IPhone users will be able to search the Web without removing their gloves to type or pose questions like "Where's the nearest Starbucks?"

Google's mobile search application for Apple's iPhone, Google Mobile, soon will be able to return text search results requested by voice queries.

Apple is expected to approve an updated version of Google Mobile (iTunes link) on Friday and make it available in its iTunes Store as a free download. Google expects to publish details once that happens, according to a source close to the company.

Speaking with computers has long been a staple of science fiction, but it hasn't proven to be a particularly popular method of interaction outside crash-induced cursing and specific-use cases where keyboard, mouse, and touch screen aren't an option.

Mobile search could be one such use case. Just in time for winter, iPhone users will be able to search the Web without removing their gloves to type. They will be able to pose questions like "Where's the nearest Starbucks?" on those rare occasions, at least in major urban areas, when one or more Starbucks cannot be plainly seen.

Google is somewhat late to the voice-driven search party.
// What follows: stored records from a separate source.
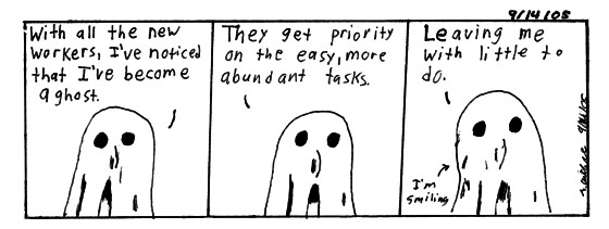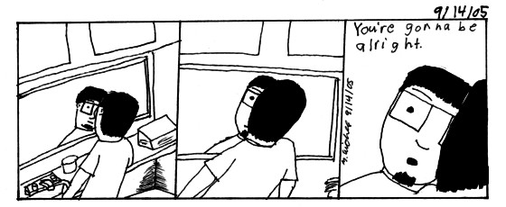 Comic 1 I actually thought of the "man" comic yesturday at 11, but didn't get it done till today. I think I don't get deep comics done sometimes cause I get conflicted about em, I don't write the idea down, or I just decide not to deal with it and go with a fuinnier one.Comic 2 The, downside to not having a lot to do, I stand around doing nothing and I get really bored. Hopefully I can get to a computer. Towards the end I got soooo tired.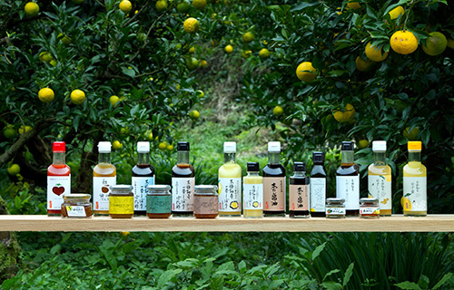 収穫から24時間以内に手搾りし瓶詰めした木頭ゆず一番搾り果汁、農薬・化学肥料を一切使っていない柚子を使ったぽん酢、柚子こしょうなど幅広い商品を開発しています。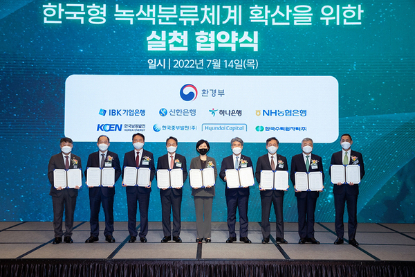 ▲ 한화진 환경부장관이 지난해 7월 서울시 중구 소재 밀레니엄 힐튼호텔에서 열린 ‘녹색분류체계 확산을 위한 실천 협약식’에 참석해 협약서에 서명한 후 협약 금융사 및 기업 대표들과 함께 기념촬영을 하고 있다.(사진=환경부)한국형 녹색채권은 발행자금이 한국형 녹색분류체계에 의해 정의된 녹색경제활동에 사용되는 채권이다. ‘한국형 녹색채권 지침서(가이드라인)’를 준수해서 발행해야 한다.
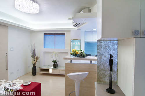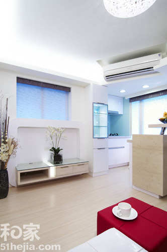 电视主墙上方刻意留下的腰窗,保持了空间的明亮敞朗,简单的栓木洗白线条节约出了实用地生活动线。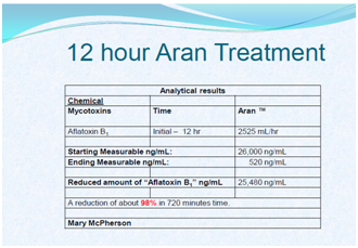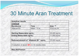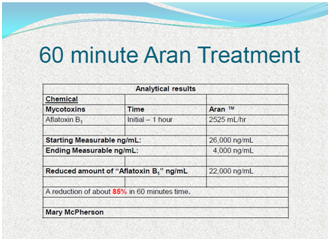 Citation: McPherson M (2015) Mycotoxin Testing with Aran Gas: Aflatoxin B1 Mycotoxin Destruction using Allotropic Oxygen O4, O5, and O6. J Microbiol Exp 2(6): 00068. DOI: 10.15406/jmen.2015.02.00068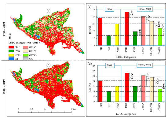 LST variation and its different contribution by LULC categories: (a) LULC changes from 1996 to 2009, (b) LULC changes from 2009 to 2019, (c) LST variations on changes land from 1996 to 2009 and its temporal comparison with 1996, and (d) LST variations on changes land from 2009 to 2019 and its temporal comparison with 2009. PBU, persistent built-up; PVG, persistent vegetation; NBU, non-built-up; WB, waterbody; GBUO, gain of built-up from others; GBUVG, gain of built-up from vegetation; GVGO, gain of vegetation from others; OC, other changes; BU, built-up; VG, vegetation.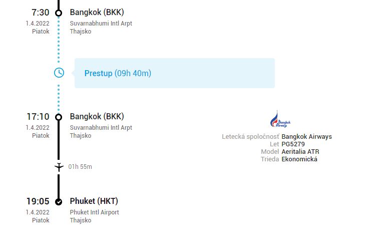 Dôležité! Celá tvoja cesta na Phuket musí byť rezervovaná na jednej letenke. Pri využití tejto alternatívy nemôžeš letenku Bangkok Airways rezervovať samostatne. Všetko musí byť na jednom itinerári. Najlepšie to urobíš prostredníctvom cestovnej kancelárie – čiže cez pelikánske akciové kalendáre alebo našim letenkovým špecialistom pošleš osobitnú požiadavku.
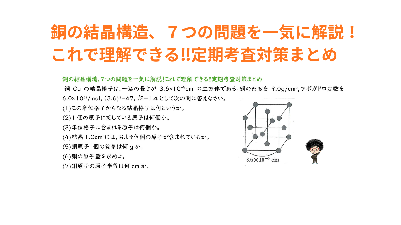 銅の結晶構造、7つの問題を一気に解説!これで理解できる‼定期考査対策まとめ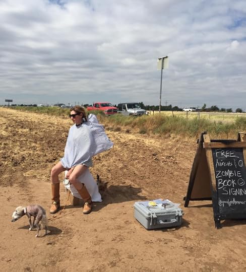 making lots of new #fans at #cadillacranch #Apocalypsethememoir #indy #texas @redneckdrradhead #worldsfirstrealzombiebook (at Cadillac Graveyard)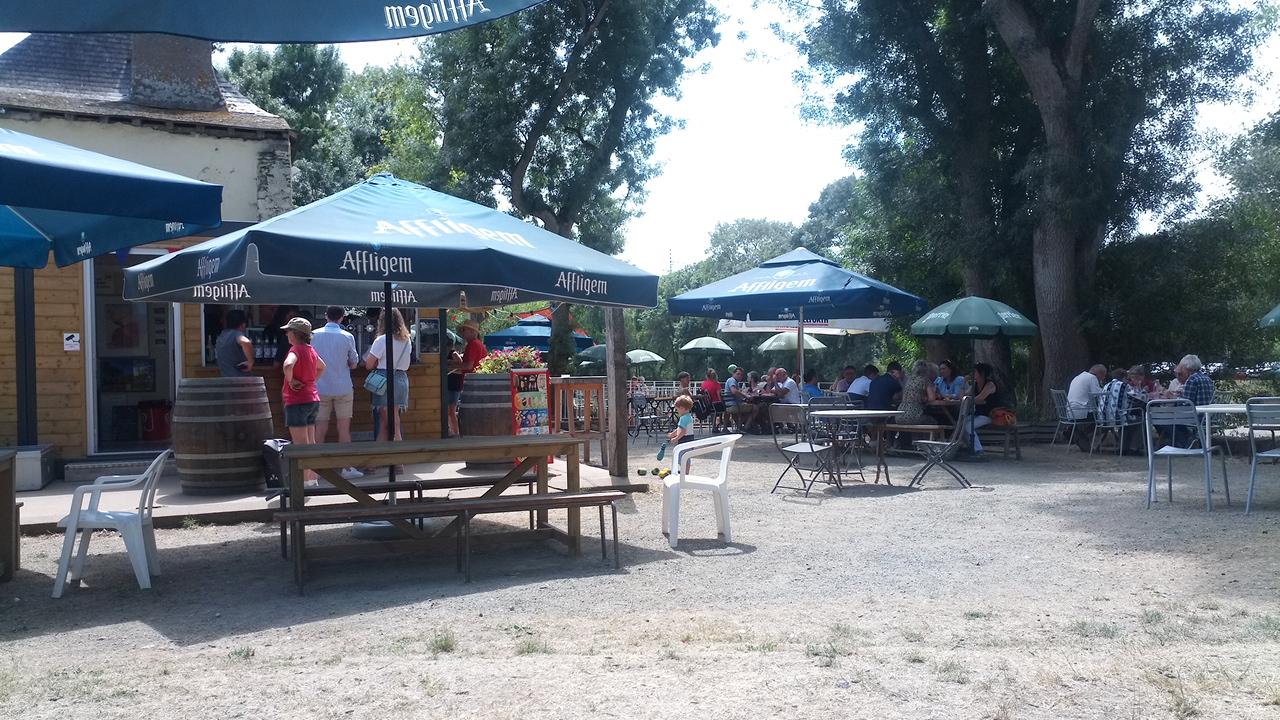 Super guinguette sur l'île Saint-Aubin. Exclusivement accessible par la petite navette, moyen de transport super original qui ajoute du charme au lieu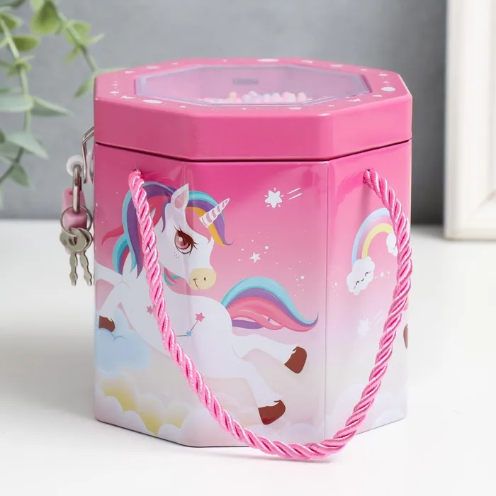 Копилка для денег с замком и ключом «Сказочные сюжеты. Шестиугольник», металл, 11.5×11.5×12 см, МИКС — Характеристики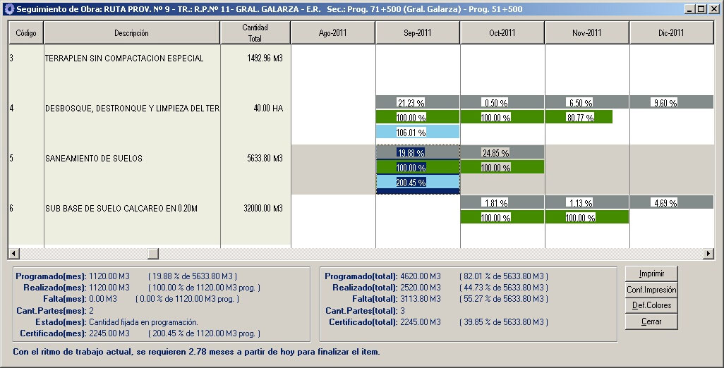 A medida que van ingresando los partes de obra va cargando dia a dia en la barra que se encuentra por debajo de esta, que representa la cantidad del item ejecutado. Esto me permite tener una exacta idea en cada item en que estado de cumplimiento porcentual me encuentro y puede graficamente identificar a aquellos que no van avanzando al ritmo establecido previamente en la programacion del mismo en funcion de los colores en que se representa la barra de lo ejecutado (Verde: rendimiento mayor al 95% de los standards establecidos. Amarillo: entre el 95 y el 75%. Rojo: por debajo del 75% de rendimiento en la tarea).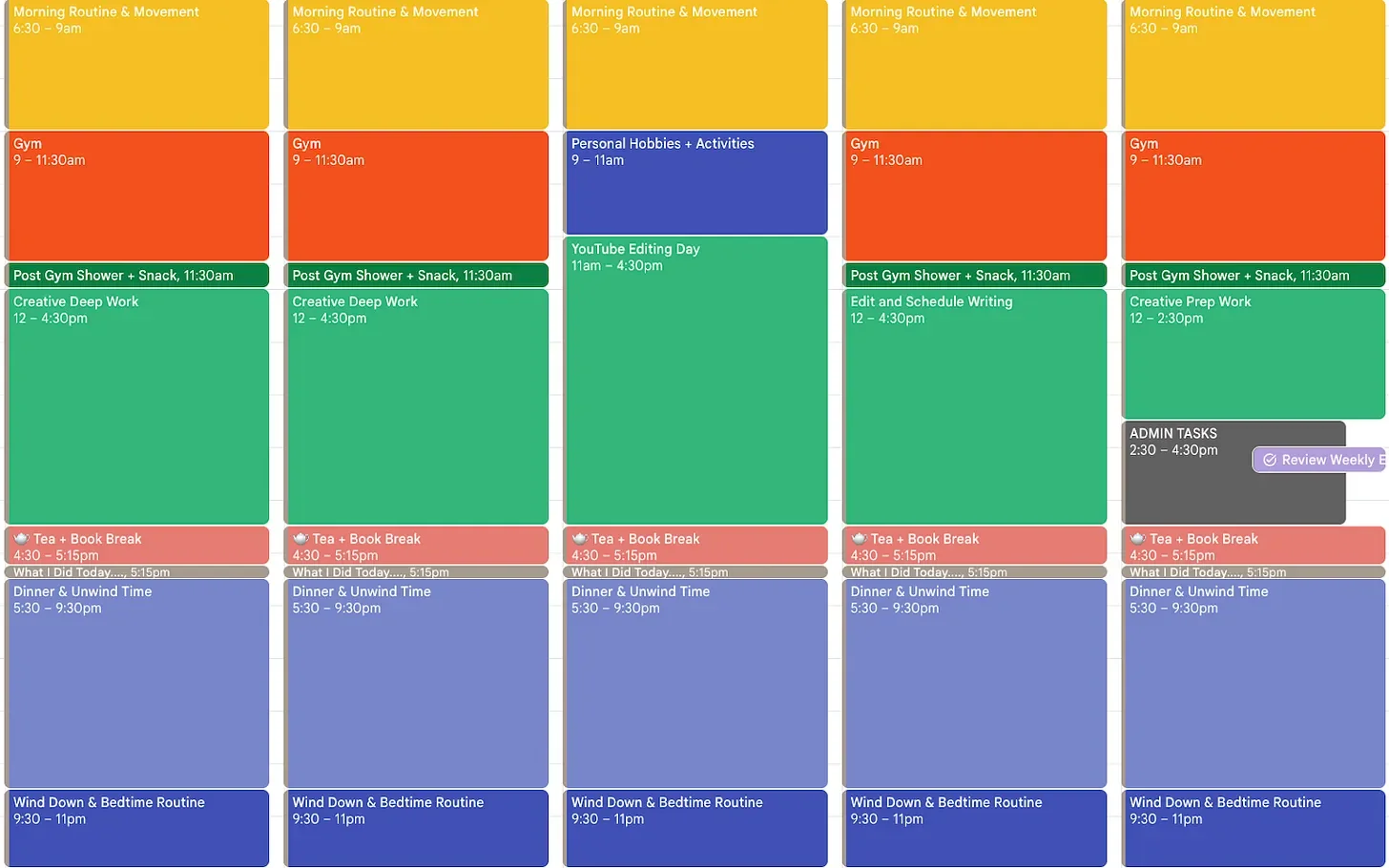 Speaking of that first anchor, I’ve been building my days with habits and rituals. I love structure and routines, but I also want freedom! This is what my current calendar looks like (yes, a little over the top), but I love seeing it. It helps me support my creativity while still leaving space for flexibility.
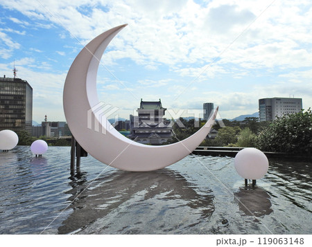 北九州市小倉北区にある観光スポット和傘が飾られた小倉城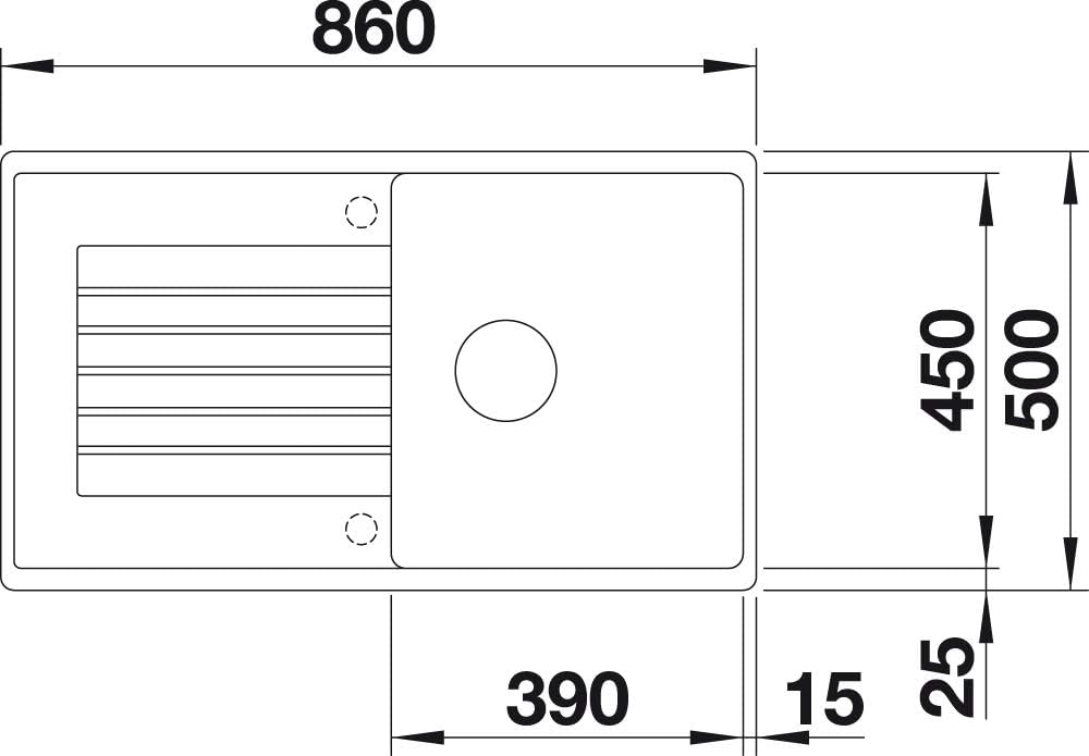 - Montagehinweise: Das Becken ist reversibel und lässt sich sowohl links als auch rechts von der Abtropffläche ausrichten – mit vorgefrästen Lochbohrungen zum Durchschlagen für die Armatur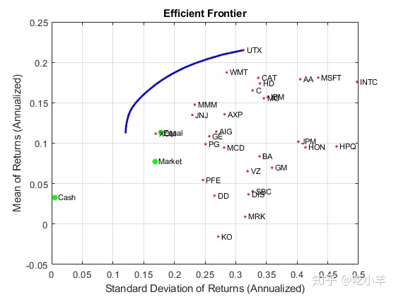 每个示例都具有用于计算30只“蓝筹”股票每月总回报的矩。尽管这些数据是从真实数据中得出的,但它们仅用于说明目的,并不代表特定资产或市场表现。该数据包含在文件BlueChipStockMoments.mat中,包括变量列表AssetList中的资产标识符变量,变量AssetMean和AssetCovar中的资产收益的均值和协方差,以及变量CashMean,CashVar,MarketMean,和MarketVar中的现金和市场回报的均值和方差。由于大多数分析都需要使用资产收益率的标准差作为风险,现金和市场方差的代表,因此将市场的方差转换为标准差。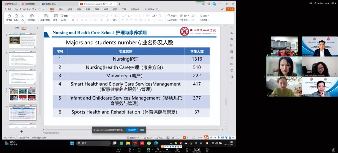 陆敏详细介绍了我校的历史沿革与基本概况,重点介绍了学校高水平专业群、国际化特色高校建设、中外合作办学等方面情况。她表示,洛阳职业技术学院与美国太平洋学院在护理、康养、智慧养老等专业领域都有教育创新合作契合点,希望双方坚持开放、合作、共赢理念,引进更多优质教育资源,丰富学校师生国际交流项目的形式与内容,促进师生海外留学、就业,开展全方位交流合作。
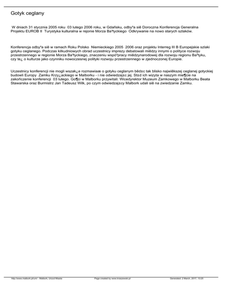 Gotyk ceglany W dniach 31 stycznia 2005 roku 03 lutego 2006 roku, w Gdañsku, odby³a siê Doroczna Konferencja Generalna Projektu EUROB II Turystyka kulturalna w rejonie Morza Ba³tyckiego Odkrywanie na nowo starych szlaków. Konferencja odby³a siê w ramach Roku Polsko Niemieckiego 2005 2006 oraz projektu Interreg III B Europejskie szlaki gotyku ceglanego. Podczas kilkudniowych obrad uczestnicy imprezy debatowali miêdzy innymi o polityce rozwoju przestrzennego w regionie Morza Ba³tyckiego, znaczeniu wspó³pracy miêdzynarodowej dla rozwoju regionu Ba³tyku, czy te¿ o kulturze jako czynniku nowoczesnej polityki rozwoju przestrzennego w zjednoczonej Europie. Uczestnicy konferencji nie mogli wszak¿e rozmawiaæ o gotyku ceglanym bêd±c tak blisko najwiêkszej ceglanej gotyckiej budowli Europy Zamku Krzy¿ackiego w Malborku - i nie odwiedzaj±c jej. St±d ich wizyta w naszym mie¶cie na zakoñczenie konferencji 03 lutego. Go¶ci w Malborku przywitali: Wicedyrektor Muzeum Zamkowego w Malborku Beata Stawarska oraz Burmistrz Jan Tadeusz Wilk, po czym odwiedzaj±cy Malbork udali siê na zwiedzanie Zamku. http://www.malbork.pl/um/ - Malbork, Urz±d Miasta Page created by www.kraszewski.pl Generated: 2 March, 2017, 13:25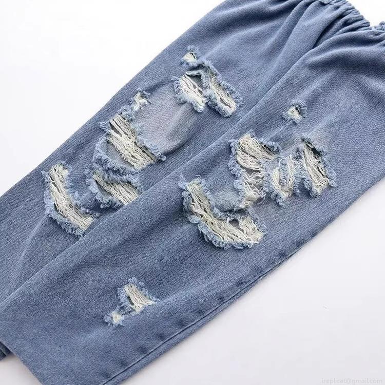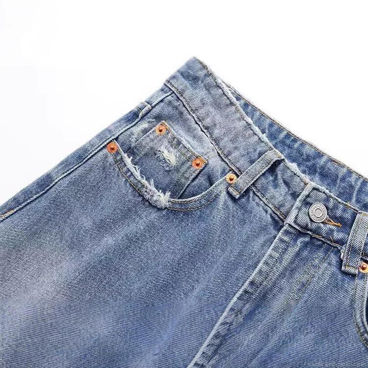 Women American Retro High Waist Wide Leg Jeans Distressed Ripped Hole...

Yahoo added voice recognition to its OneSearch mobile application in April. Microsoft's Live Search for Windows Mobile has had voice recognition since October, 2007.

Nonetheless, because Apple iPhone owners have tended to use Web and mobile applications more than owners of other smartphones, the Google Mobile app probably will field more voice queries than its competition in the coming months and perhaps collect more mobile search revenue as a result.

At the recent Web 2.0 Summit, developers and venture capitalists were bullish on the iPhone's future prospects, despite the overall economic climate. Raven Zachary, an iPhone developer and consultant, said during a panel discussion that 74% of mobile Web traffic originates from the 15 million to 20 million iPhones and Wi-Fi-enabled iPod Touches.

During a conference call for Google investors in July, company co-founder Sergey Brin noted that devices like the iPhone generate 30 times more searches than conventional mobile phones.

Earlier this week, Google redesigned its search results page formatting for searches done through the mobile version of, accessed via Safari on the iPhone. Local search results now include easier-to-use click-to-call links and "Get Directions" buttons, as well as Google Maps images by default.